Die Variablen w und h in den Schleifen-Köpfen der beiden äußeren Schleifen speichern die Größe des sichtbaren Bereichs(in Tiles).

Die If-Abfrage innerhalb der Schleife dient dazu, je nach Lage der Map-Daten entweder Gras oder eine gelbe Pflanze zu zeichnen. Die Variablen tx und ty werden zu x und y addiert, da sie den Scroll-Wert(in Tiles) der Scroll-Balken beinhalten. Die Variablen scrX und scrY sind ähnlich wie tx und ty, nur speichern sie den Scroll-Wert in Pixeln und wurden zusätzlich modifiziert, so das ein weiches Scrolling entsteht.

Aber worum es eigentlich geht, die Schleife zeichnet eine Tilemap mit 5 Ebenen. Absolut problemlos,
mit Scrolling und allem drum und dran. Auch Tiles lassen sich per Mausklick verändern, ich habe schon einiges probiert und es geht problemlos. Und ich verstehe nicht warum es absolut KEIN bisschen ruckelt beim scrollen.

Selbst wenn ich 25 Ebenen zeichne ruckelt es nicht. Selbst dann, wenn ich die höchste Auflösung die mein Rechner hergibt einstelle(1280x1024) und das Fenster maximiere. Erst ab 50 Ebenen fängt es dann an zu stocken.
Das erscheint mir irgendwie zu krass, könnt ihr mir das erklären? Ich meine ist ja toll dass das sogut
läuft, aber ich kann das einfach nicht glauben. Das muss doch eine Täuschung sein.

gruß

Kento


----------



## Marco13 (9. Apr 2010)

Na DAS ist doch mal eine Problembeschreibung, die ich auf der Arbeit gerne hören würde 

Warum genau es wie schnell im Vergleich zu welcher anderen Methode ist, ist schwer zu sagen. Aber - sowas wie drawImage malt natürlich nur, wenn der Bereich in den gezeichnet wird auch sichtbar ist. Außerdem verwendet Java (je nach Version und Startparametern) OpenGL oder DirectX als Beschleunigung, und wenn man nicht durch irgendwelche zuuu strengen Vorgaben etwas tut, was dem im Wege steht, werden Bilder in ihrer "optimalen" Form erstellt - also so, dass sie schnell und hardwarebeschleunigt gezeichnet werden können. (Ein nicht ganz unüblicher (aber doch noch zu selten auftretender) Effekt: Wenn etwas als problematisch dargestellt oder kritisiert wird, wird SO massiv etwas dagegen unternommen, dass ... dann solche Beiträge wie deiner rauskommen - und wir wissen ja alle: "Java is voll lahm" - "Joa, und Swing erst, das is nichma nativ!"  )

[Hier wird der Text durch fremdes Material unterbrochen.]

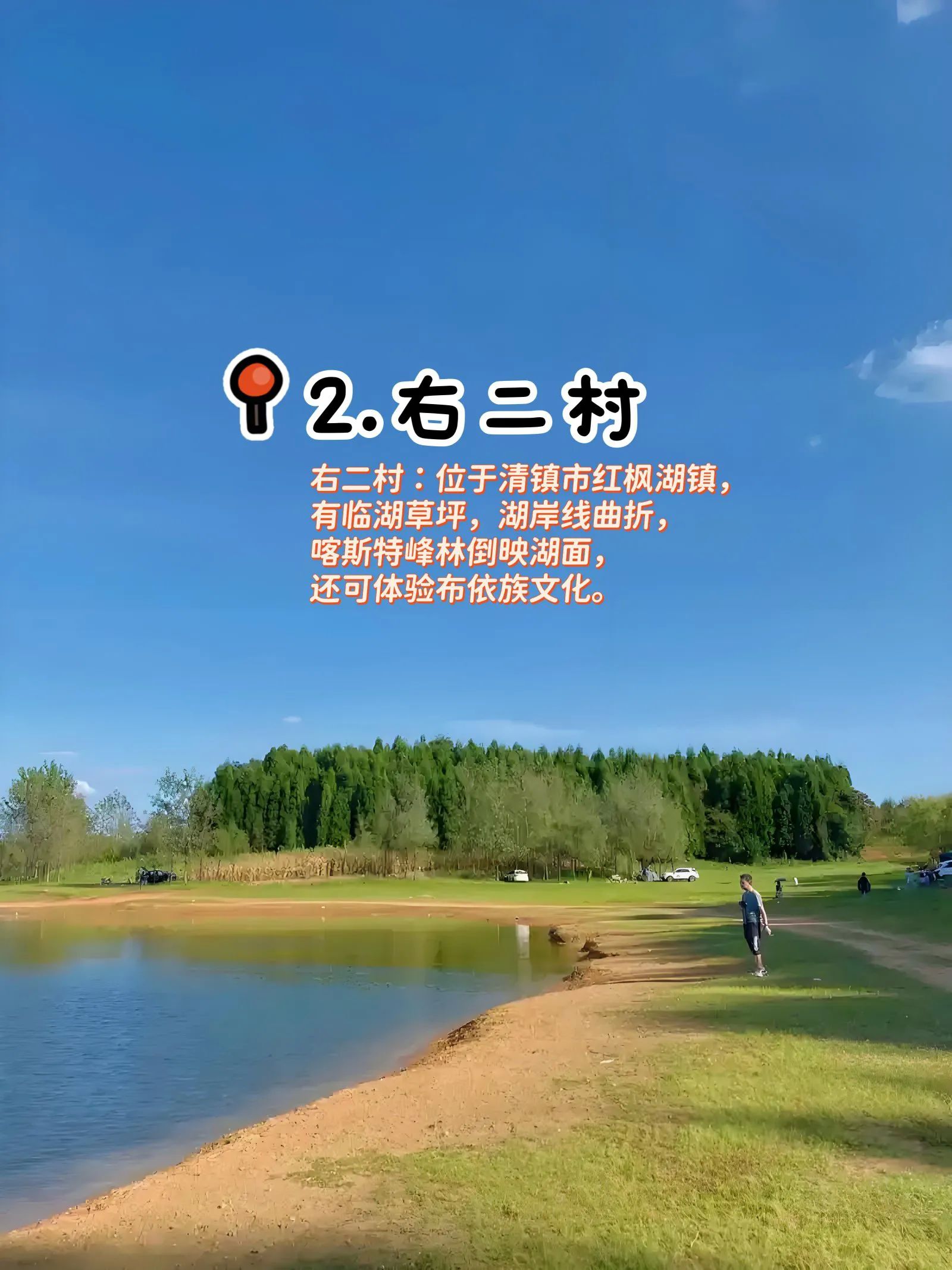 2. 右二村:地处清镇市红枫湖,靠近红枫湖的临湖草坪,能拍出以村庄为背景、绝美湖景为衬托的露营大片。这里安静宜人,可玩水、玩桨板,车子能开到湖边,运气好还能看到绝美月出 。

Bei diesem speziellen Fall (dem Scrollen) könnte(!) aber ein Punkt der entscheidende sein: Eine JScrollPane hat intern einen JViewport, und der verwendet clevere Tricks, um das Scrollen schnell zu machen - da kann man sich mal Methoden wie JViewport (Java 2 Platform SE 5.0) ansehen. Vielleicht schaffst du es ja, mit einem anderen ScrollMode das ganze langsamer zu machen  
( :joke: )


----------



## SlaterB (9. Apr 2010)

und beim Scrollen sollte doch die paint-Methode auch nur einmal durchlaufen werden und ein größeres Stück malen dass dann verschoben wird, oder? 
wäre leicht durch Log-Ausgaben zu testen,
(edit: ok, das steht bei BACKINGSTORE_SCROLL_MODE ja auch)

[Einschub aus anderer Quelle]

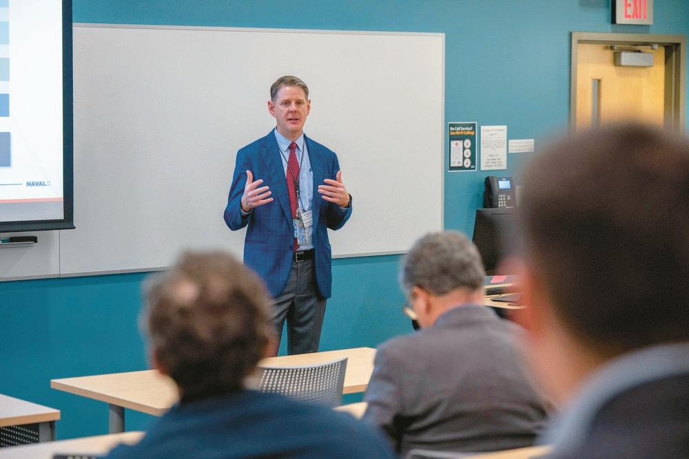The HRBT Expansion Project with a budget exceeding$3.8billion,willexpandthecurrentfourlane capacity to eight lanes, supporting both vehicleandmaritimetrafficduringitsconstruction.The Wardroom began their visit at the HRBT Welcome Center, located at 9401 4th View St., where they weregreetedbytheprojectteam.Thevisitincluded a briefing on the project’s scope, budget, funding, impacts timelines challenges and the specialized machinerydrivingtheinitiative Keyelementsoftheprojectincludeacementplant, “Katherine,”theslurrytreatmentplant,and“Mary,” the tunnel boring machine (TBM), which are integral to its success Mary, a 46-foot-diameter, fully electric, hydraulically propelled machine, is named

ein fertiges Bild zu verschieben ist nicht so schwer, bei evtl. noch einem Mausklick pro Sekunde neuzuzeichnen wäre dann auch nicht die Kunst


----------



## André Uhres (9. Apr 2010)

Kento hat gesagt.:


> Und ich verstehe nicht warum es absolut KEIN bisschen ruckelt beim scrollen. [...] Das erscheint mir irgendwie zu krass, könnt ihr mir das erklären?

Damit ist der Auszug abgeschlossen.